ContentProvider初始化(onCreate)是在Application生命周期方法attachBaseContext之后、onCreate之前。

2. 源码分析

2.1 流程概述

为了脑中有个框架,便于理解。我将源码的分析过程分成三个步骤,接下来会依次按照这三个步骤去进行分析。图中涉及的类是调用的说明,不存在继承关系。


调用流程分析图.jpg
2.1.1 注册观察对象

注册流程就是LeakCanary的初始化过程,我们首先分析入口类 AppWatcherInstaller

  • AppWatcherInstaller
/**
 * Content providers are loaded before the application class is created. [AppWatcherInstaller] is
 * used to install [leakcanary.AppWatcher] on application start.
 */
internal sealed class AppWatcherInstaller : ContentProvider() {

  /**
   * [MainProcess] automatically sets up the LeakCanary code that runs in the main app process.
   */
  internal class MainProcess : AppWatcherInstaller()
···
  override fun onCreate(): Boolean {
    val application = context!!.applicationContext as Application
    AppWatcher.manualInstall(application)
    return true
  }
···

根据源码可知,AppWatcherInstaller是一个ContentProvider,它在app启动的时候就会自动调用onCreate中的代码。



  

AppWatcherInstaller 在 manifest 中注册源码如上。接着我们分析 onCreate 中的关键代码 AppWatcher.manualInstall(application)

  • AppWatcher
/**
 * The entry point API for using [ObjectWatcher] in an Android app. [AppWatcher.objectWatcher] is
 * in charge of detecting retained objects, and [AppWatcher] is auto configured on app start to
 * pass it activity and fragment instances. Call [ObjectWatcher.watch] on [objectWatcher] to
 * watch any other object that you expect to be unreachable.
 */
object AppWatcher {
···
/**
   * The [ObjectWatcher] used by AppWatcher to detect retained objects.
   * Only set when [isInstalled] is true.
   */
  val objectWatcher = ObjectWatcher(
    clock = { SystemClock.uptimeMillis() },
    checkRetainedExecutor = {
      check(isInstalled) {
        "AppWatcher not installed"
      }
      mainHandler.postDelayed(it, retainedDelayMillis)
    },
    isEnabled = { true }
  )
···
  @JvmOverloads
  fun manualInstall(
    application: Application,
    retainedDelayMillis: Long = TimeUnit.SECONDS.toMillis(5),
    watchersToInstall: List = appDefaultWatchers(application)
  ) {
    checkMainThread()
    if (isInstalled) {
      throw IllegalStateException(
        "AppWatcher already installed, see exception cause for prior install call", installCause
      )
    }
    check(retainedDelayMillis >= 0) {
      "retainedDelayMillis $retainedDelayMillis must be at least 0 ms"
    }
    installCause = RuntimeException("manualInstall() first called here")
    this.retainedDelayMillis = retainedDelayMillis
    if (application.isDebuggableBuild) {
      LogcatSharkLog.install()
    }
    // Requires AppWatcher.objectWatcher to be set
    LeakCanaryDelegate.loadLeakCanary(application)
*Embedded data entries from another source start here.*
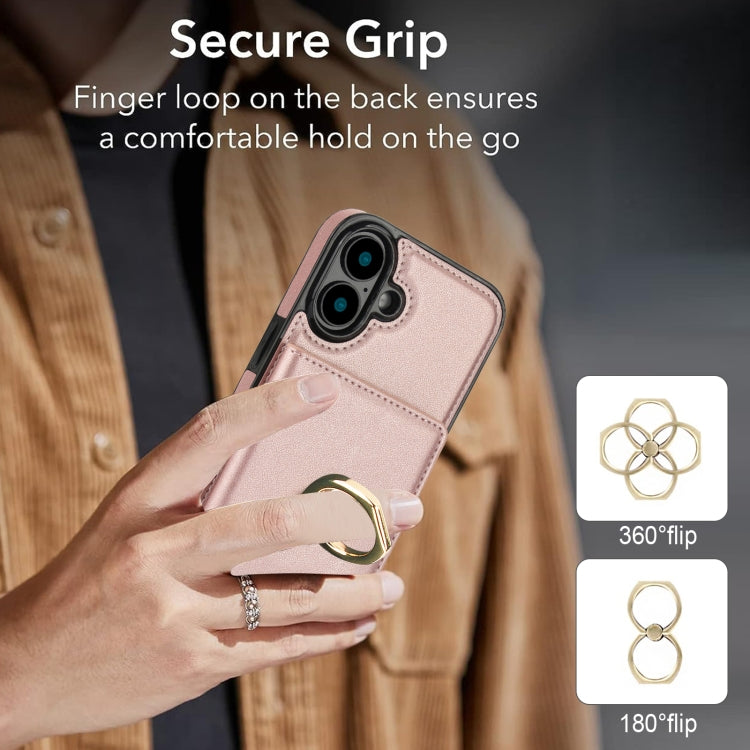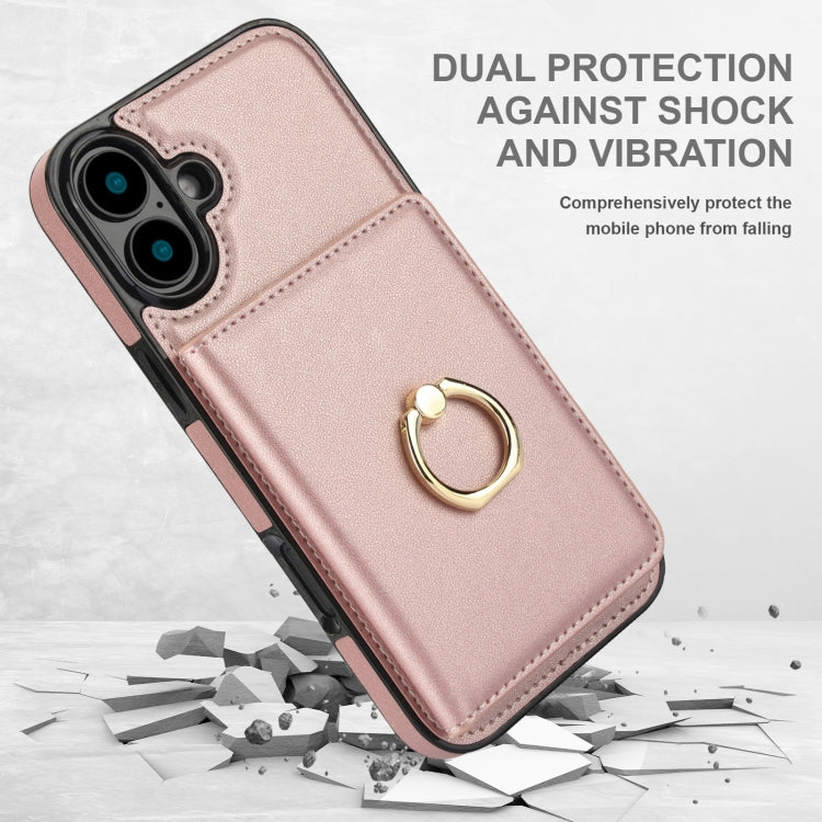 Funda para Teléfono con Anillo y Tarjeta Antirrobo Rfid para iPhone 16 (Oro Rosa)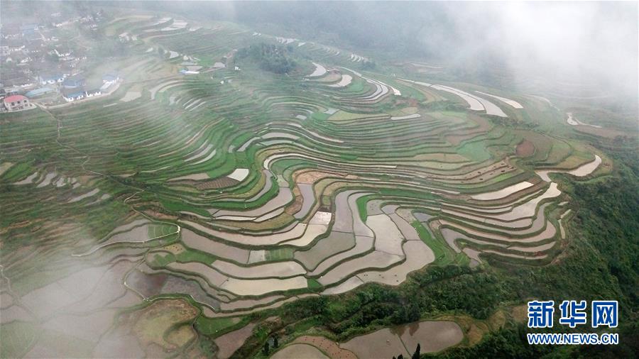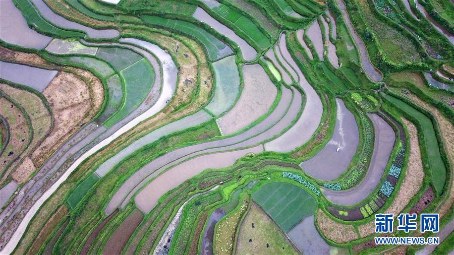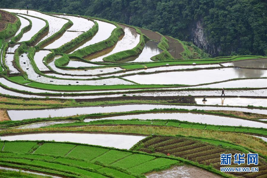 5月18日,農(nóng)民在貴州省丹寨縣龍泉鎮(zhèn)高要梯田里勞作。初夏時(shí)節(jié),位于貴州省丹寨縣龍泉鎮(zhèn)的高要梯田景色優(yōu)美。新華社記者楊文斌攝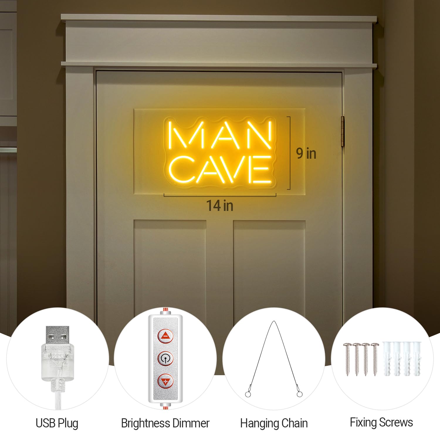 - Easy Installation: The unique man cave neon sign is come with some fixing screws and a hanging chain for you, so that you needn’t to buy again. The free USB dimmer will give you a better control of your man cave neon sign, and you can adjust the brightness, just like adjusting the brightness of your phone, which is super easy and convenience.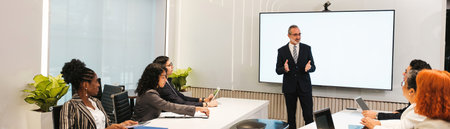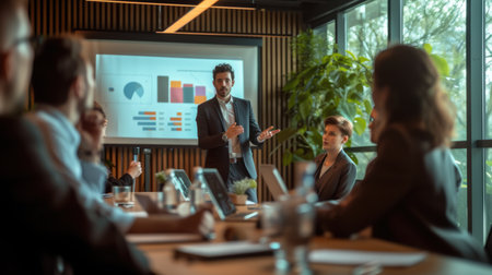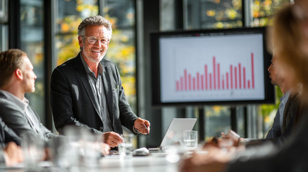 A confident male leader delivers a presentation, gesturing towards a digital display with charts in a bright, open-plan meeting room. The setting is modern and professional.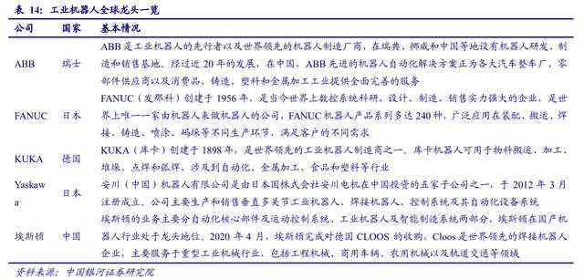 在工业机器人领域,国际制造商有 ABB 集团、FANUC(发那科)、KUKA(库卡)、Yaskawa(安川)等,可应用于装配、搬运、焊接、铸造、喷涂、码垛等生产环节,并没有厂家针对钢结构焊接的细分赛道做单独开发定制,因此公司将是第一位开辟新赛道的玩家。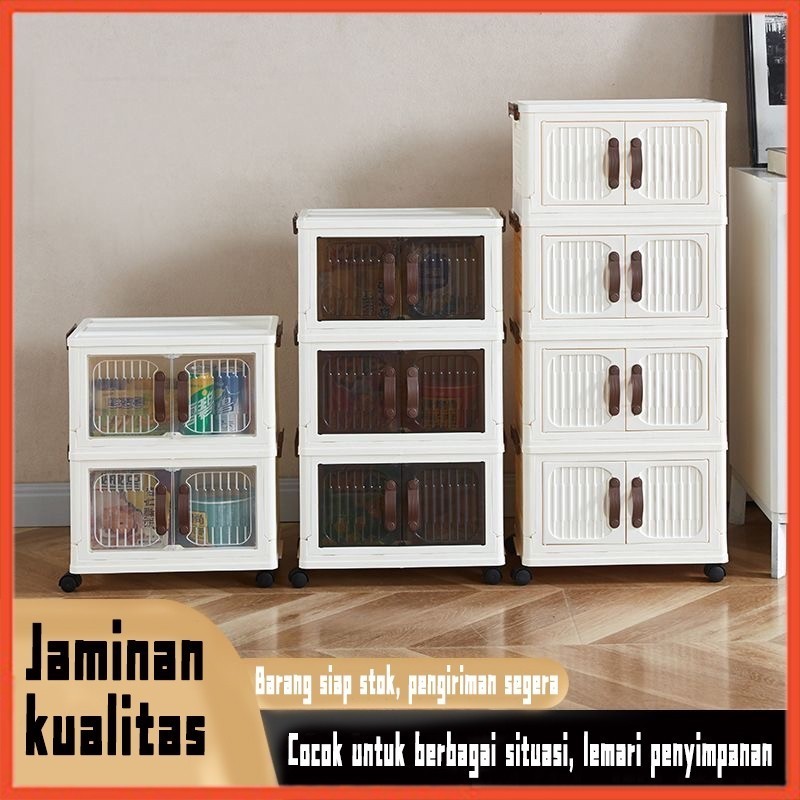 Eatkit Lemari Lipat Plastik 3-6 Susun Portable + Roda | Rak Serbaguna Muat Banyak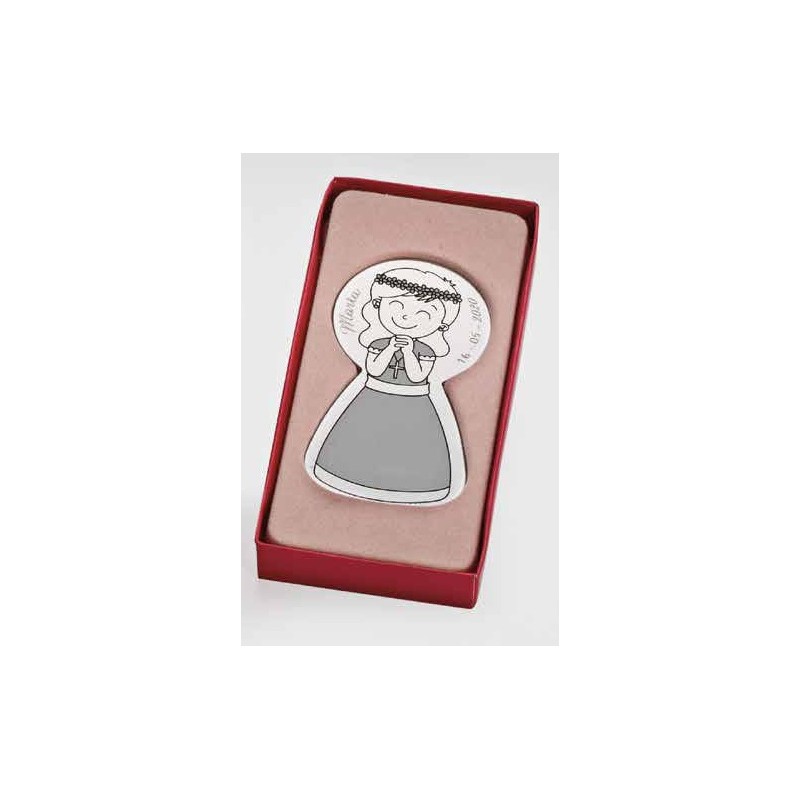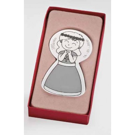 Imán niña Comunión , muy original para regalar a los invitados de la Primera Comunión de tu niña. Este imán de metal tiene la forma de una niña que va vestida de comunión.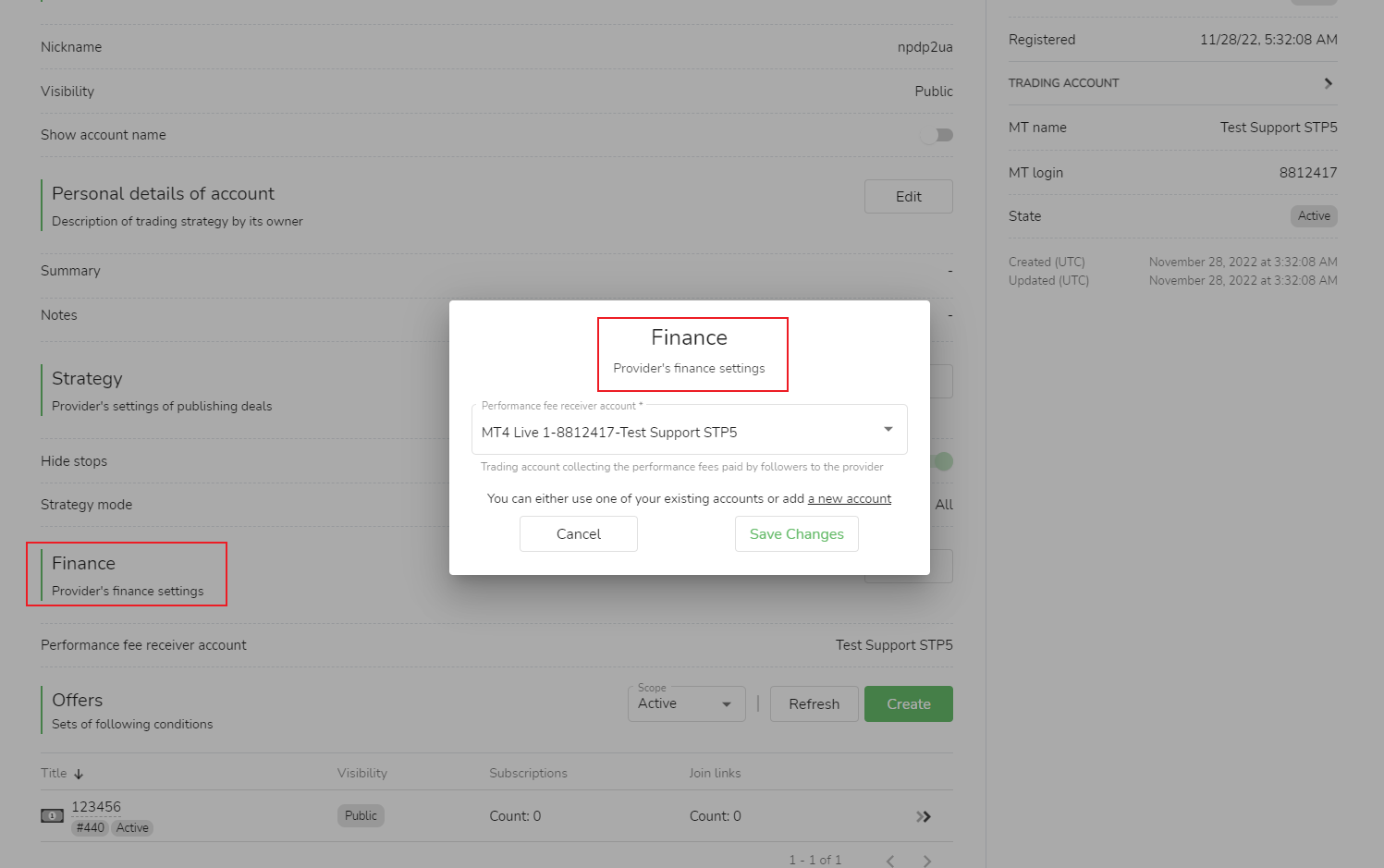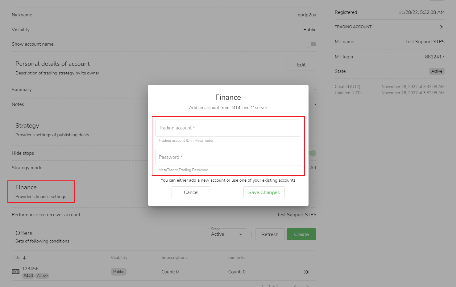 실적 수수료 수락 계정:시그널 소스가 팔로워를 모아 시그널 소스에 성과 수수료를 지불하는 거래 계정은 기존 계정을 선택하거나 새 계정을 추가할 수 있습니다.새 계정을 추가하는 과정에서 거래 계정(즉, MetaTrader의 거래 계정) 및 암호(즉, MetaTrader 거래 암호)를 입력한 다음 [변경 사항 저장]을 클릭하면 성공적으로 설정이 완료됩니다.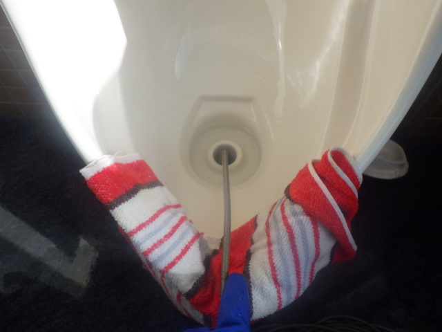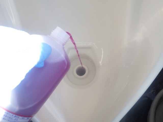 尿石除去剤を使用し、配管内の汚れ・詰りの原因を除去していきます。

    watchersToInstall.forEach {
      it.install()
    }
  }
   /**
   * Creates a new list of default app [InstallableWatcher], created with the passed in
   * [reachabilityWatcher] (which defaults to [objectWatcher]). Once installed,
   * these watchers will pass in to [reachabilityWatcher] objects that they expect to become
   * weakly reachable.
   *
   * The passed in [reachabilityWatcher] should probably delegate to [objectWatcher] but can
   * be used to filter out specific instances.
   */
  fun appDefaultWatchers(
    application: Application,
    reachabilityWatcher: ReachabilityWatcher = objectWatcher
  ): List {
    return listOf(
      ActivityWatcher(application, reachabilityWatcher),
      FragmentAndViewModelWatcher(application, reachabilityWatcher),
      RootViewWatcher(reachabilityWatcher),
      ServiceWatcher(reachabilityWatcher)
    )
  }
···
}

manualInstall 方法有三个参数,application 会在 AppWatcherInstaller 中传参, retainedDelayMillis 和watchersToInstall会走默认值。这里我们着重看下watchersToInstall 这个参数,这个参数的默认值是appDefaultWatchers方法返回的一个InstallableWatcher列表。列表中有ActivityWatcher、FragmentAndViewModelWatcher、RootViewWatcher和ServiceWatcher四个对象。四个对象构造方法都有一个公共参数reachabilityWatcher,用objectWatcher进行了赋值。这个列表在源码中遍历,并调用 item 的 install()方法。我们用ActivityWatcher 看看 install() 中干了什么。

/**
 * Expects activities to become weakly reachable soon after they receive the [Activity.onDestroy]
 * callback.
 */
class ActivityWatcher(
  private val application: Application,
  private val reachabilityWatcher: ReachabilityWatcher
) : InstallableWatcher {

  private val lifecycleCallbacks =
    object : Application.ActivityLifecycleCallbacks by noOpDelegate() {
      override fun onActivityDestroyed(activity: Activity) {
        reachabilityWatcher.expectWeaklyReachable(
          activity, "${activity::class.java.name} received Activity#onDestroy() callback"
        )
      }
    }

  override fun install() {
    application.registerActivityLifecycleCallbacks(lifecycleCallbacks)
  }

  override fun uninstall() {
    application.unregisterActivityLifecycleCallbacks(lifecycleCallbacks)
  }
}

ActivityWatcher.install() 注册了Activity 的生命周期回调,在 onActivityDestroyed 回调的时候调用了reachabilityWatcher.expectWeaklyReachable()方法。其实就是调用了AppWatcher中的objectWatcher对象方法。接着继续看ObjectWatcher

  • ObjectWatcher
class ObjectWatcher constructor(
  private val clock: Clock,
  private val checkRetainedExecutor: Executor,
  /**
   * Calls to [watch] will be ignored when [isEnabled] returns false
   */
  private val isEnabled: () -> Boolean = { true }
) : ReachabilityWatcher {

  private val onObjectRetainedListeners = mutableSetOf()

  /**
   * References passed to [watch].
   */
  private val watchedObjects = mutableMapOf()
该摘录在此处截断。